Governance-oriented AI threat modeling and evidence-based reporting for enterprise stakeholder review
Atos stands out for delivering large-enterprise security consulting services and regulated-system delivery across complex environments. Its AI red teaming offering is best positioned for red team planning, threat modeling, and adversarial evaluation of AI systems embedded in enterprise estates. Teams can expect integration with existing governance, security testing processes, and evidence-oriented reporting for stakeholders. Delivery fit is strongest for organizations that need structured assessments aligned to enterprise risk and compliance requirements.
Pros
- Enterprise-grade security consulting supports structured AI risk testing workflows.

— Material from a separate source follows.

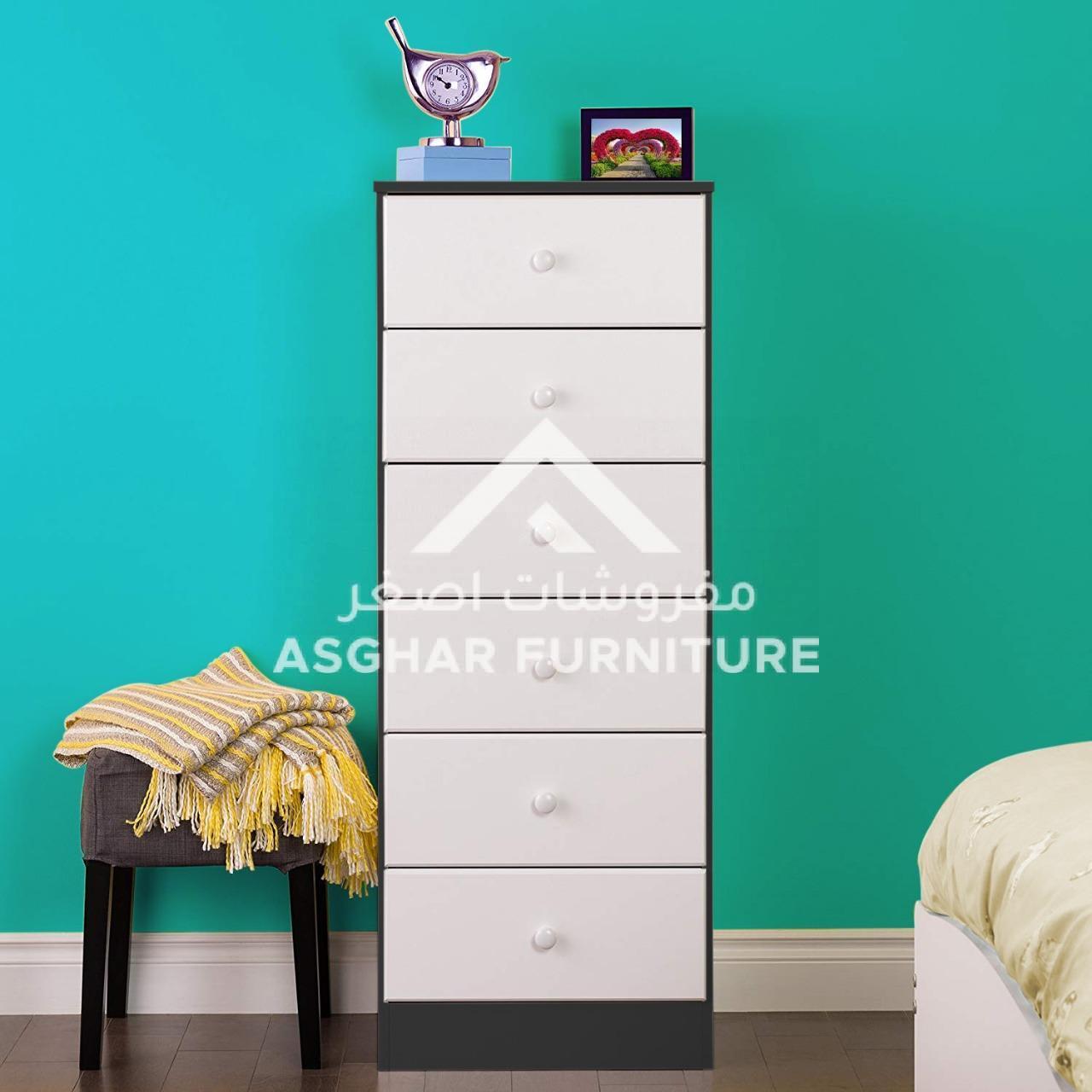 Add a functional focal point to any room with this contemporary Tall 6-Drawer Chest by Asghar Furniture. Featuring six drawers with genuine metal pulls, this contemporary chest offers extra space for storing.

- Evidence-focused reporting fits governance reviews and audit-ready documentation needs.
- Experience integrating security programs across complex infrastructure estates.
Cons
- Red teaming processes can feel heavy for small teams with limited internal tooling.
- AI-specific red team depth depends on selected engagement scope and client maturity.
Best For
Enterprise teams needing governance-aligned AI red teaming in complex environments
Accenture Security
enterprise_vendorDelivers security strategy and testing engagements that can be tailored to AI red teaming for model risk, misuse pathways, and exploit validation.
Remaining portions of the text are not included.